Woo Hoo! Thank you Mary! I was worried that I was dealing with something epidemic since they are all doing it. 

(So what's funnier, this question, or the "My pigeon is quacking" thread I posted a while back?  So much to learn!)


----------



## Whitefeather (Sep 2, 2002)

My feral pijjies will 'wiggle' their throats when it is hot as well. 
It's rather amusing, they will gather around the 5 bird baths while I'm cleaning & refilling them watching 'intently' as if I'm not working fast enough.  

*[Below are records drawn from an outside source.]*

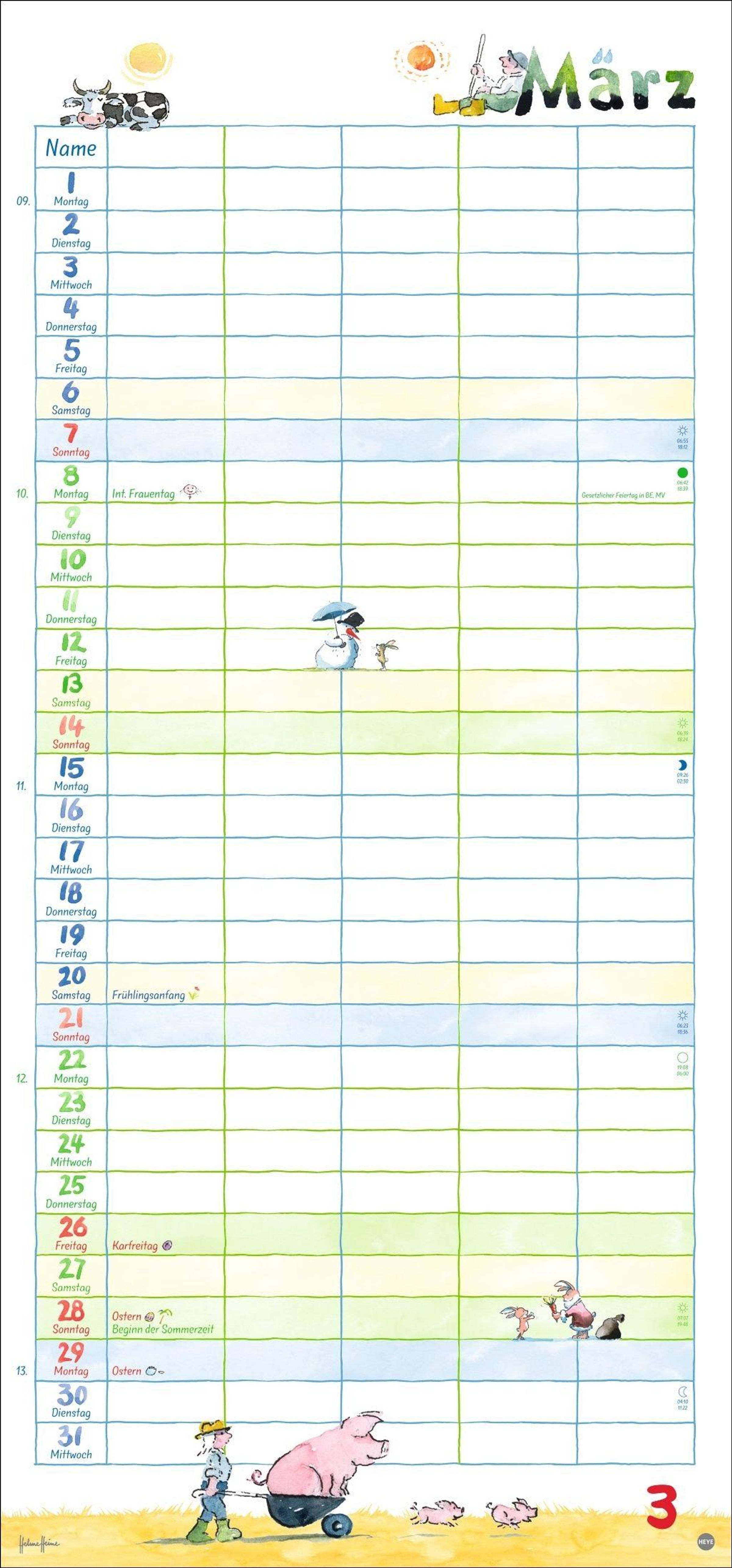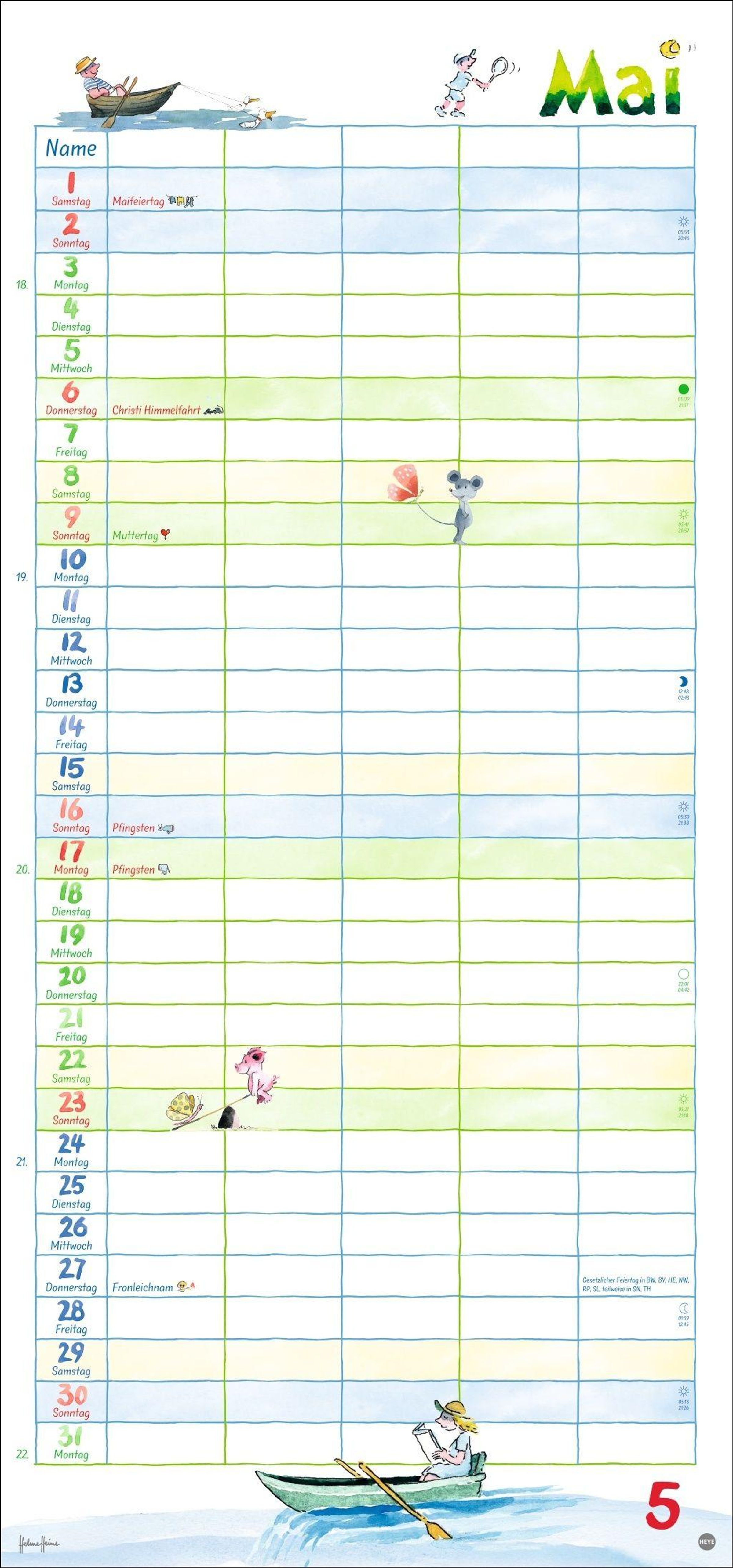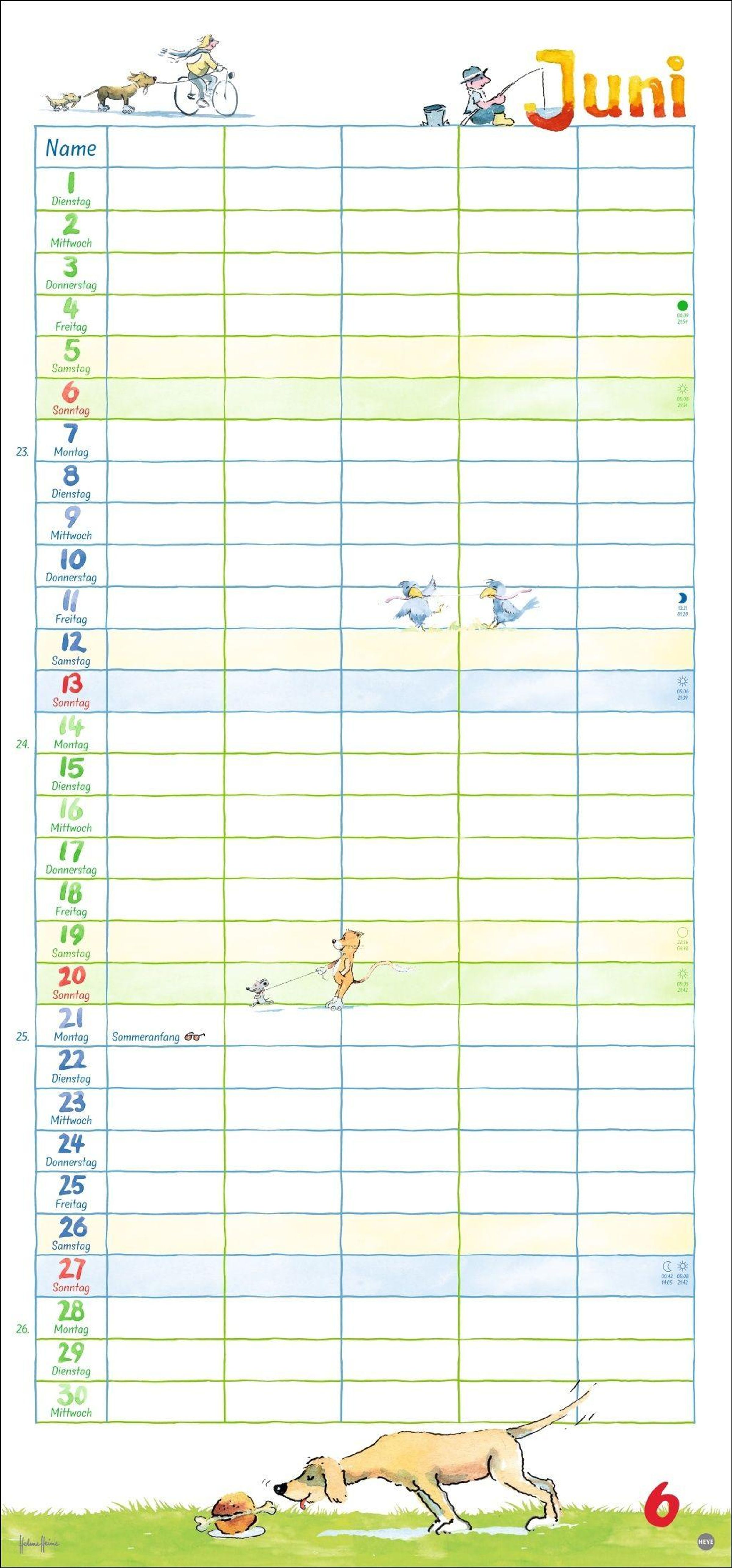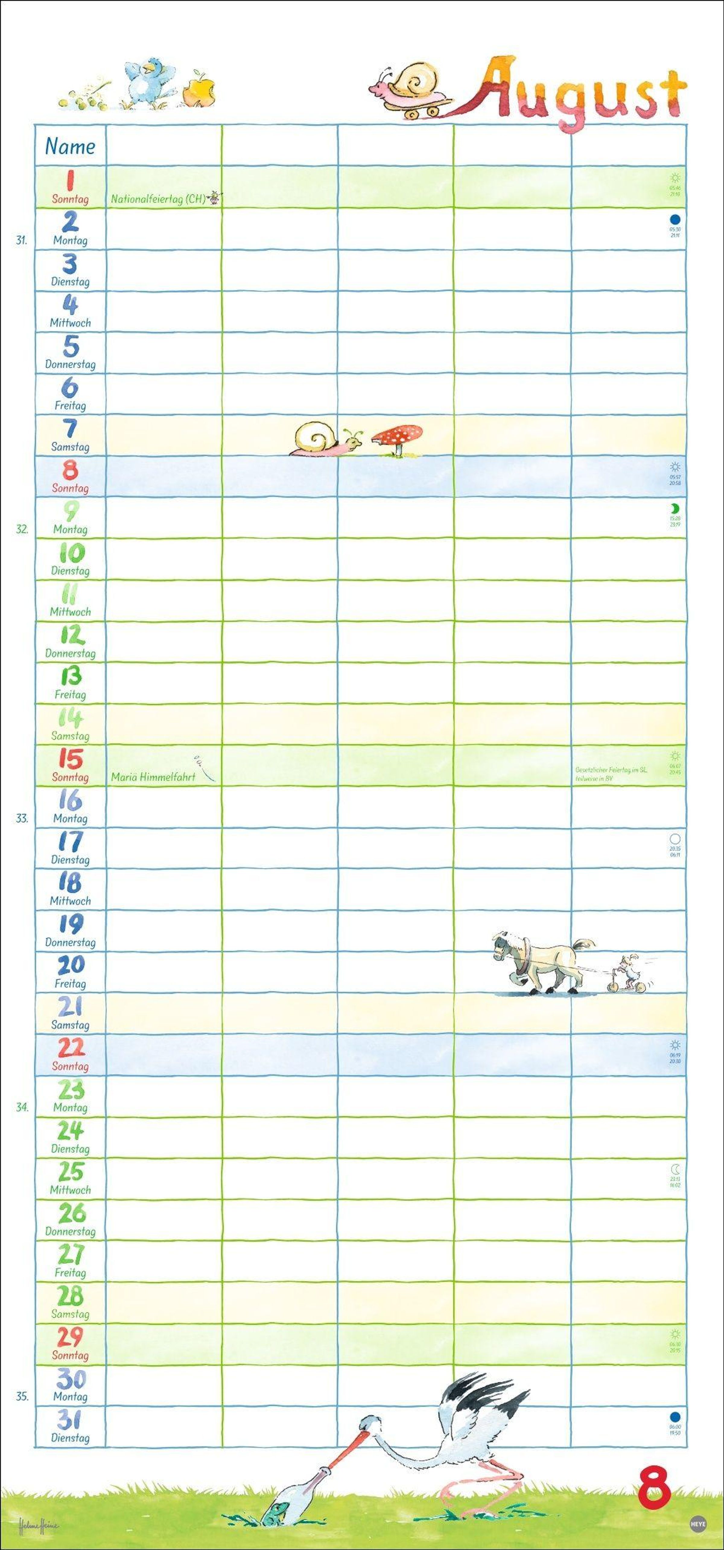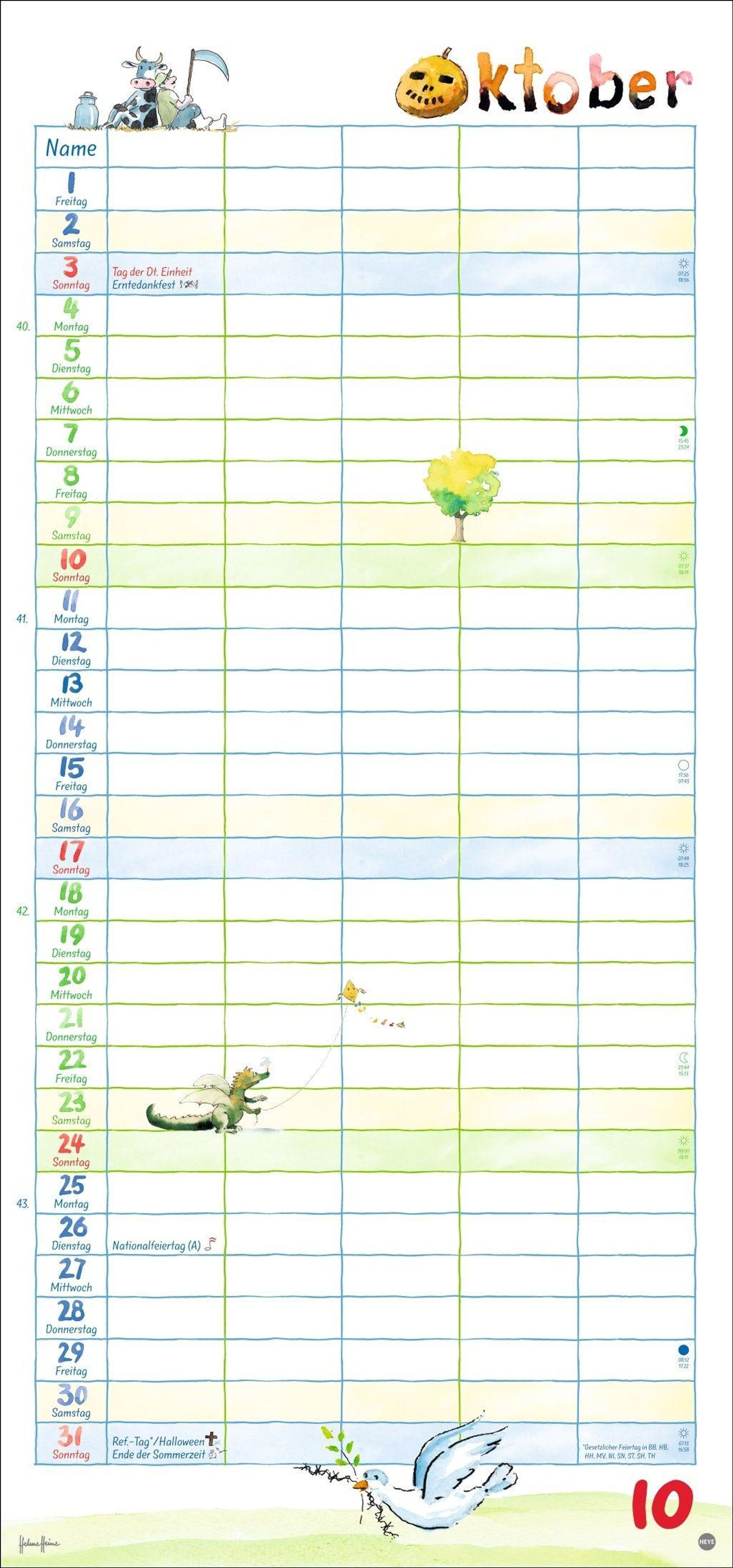 - Familienkalender mit 5 Spalten. Liebevoll illustrierter Familien-Wandkalender mit Schulferien und Stundenplänen.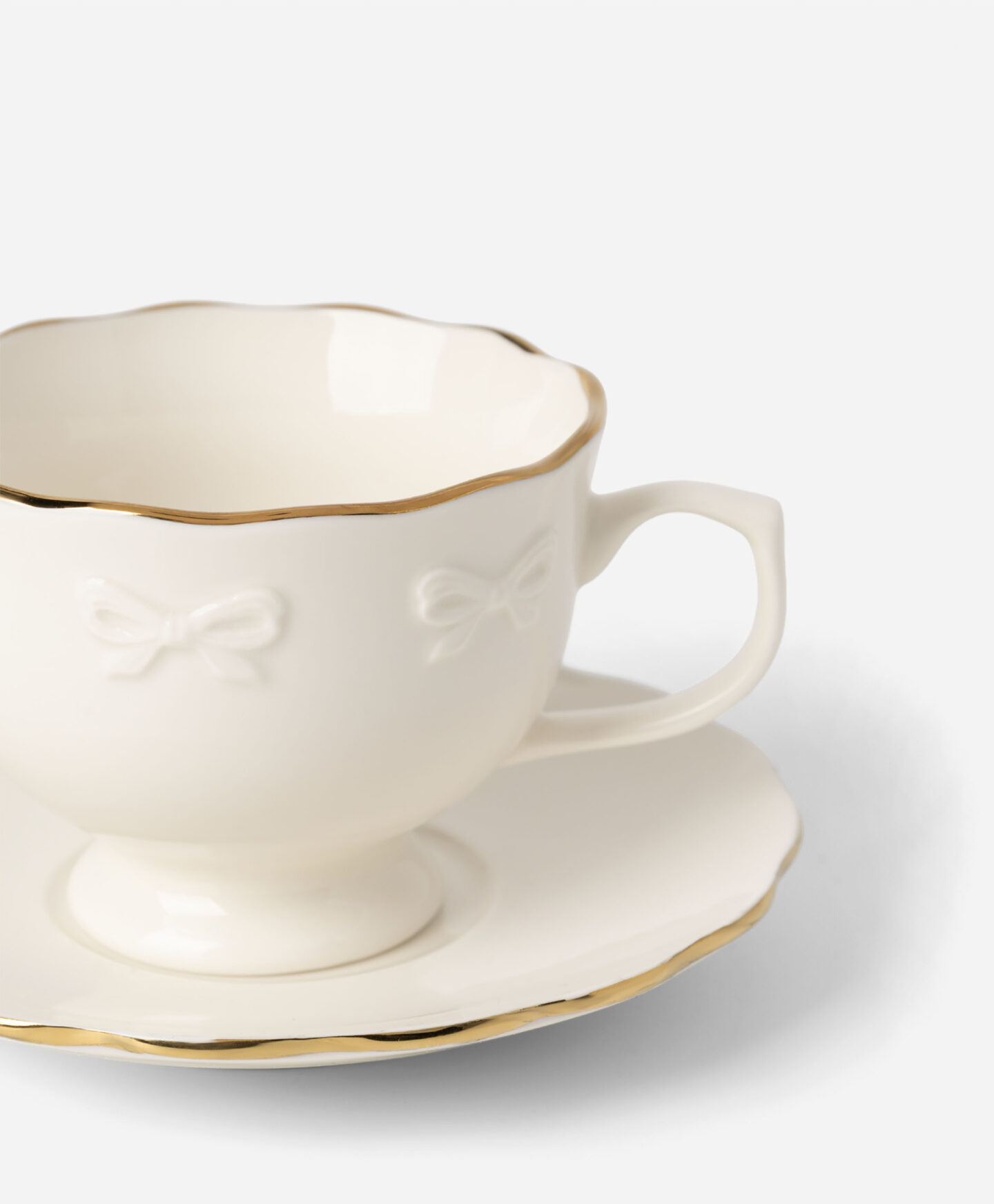 A Keramikas krūze ar apakštasīti is an elegant set perfect for serving favorite drinks like coffee or tea. The golden rim and bow motif make the cup look beautiful. Ideal as a gift for any lover of warming infusions.
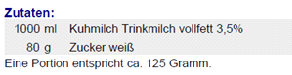 die Anzeige der Zutaten des Basisrezeptes unterhalb des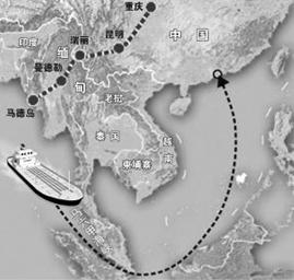 3、单选题 2013年中国原油进口量将达到2.85亿吨左右,中国原油进口依存度突破60%,5月30日,中缅油气管道全线贯通。读中缅油气管道(昆明—马德岛)路线图,回答小题。

Some of my *'old timers' * could care less if the hose is there, they step right up & commense taking a bath. I have even had some stand in an empty bird bath. Talk about putting the pressure on me to move a bit faster.  

Cindy


----------



## Snowbird (Jun 24, 2004)

Unrelated to the behavior in heat, they will commonly do this when very excited to mate, when they scared ****less, and when in certain types of intense pain.


----------



## Feefo (Feb 8, 2002)

*Gular Fluttering!*

From "Ask Audubon":

Primarily, birds off-load excess heat either by evaporative cooling directly through the skin or by panting. The latter method cools the bird's airways and helps lower an elevated internal temperature. A robin running across a lawn on a sunny afternoon with its beak agape is doing exactly that. _To supplement panting, several species vibrate the muscles and bones in their throats, a tactic called *gular fluttering*. _ 

Cynthia


----------



## Whitefeather (Sep 2, 2002)

Thanks for the information/confirmation Cynthia.
On some of our warmer days, when I would see many of my feral flock displaying this behavior, my first thought was that they were overheated.  

*Primarily, birds off-load excess heat either by evaporative cooling directly through the skin or by panting.*
Just like our canine friends.  

Cindy


----------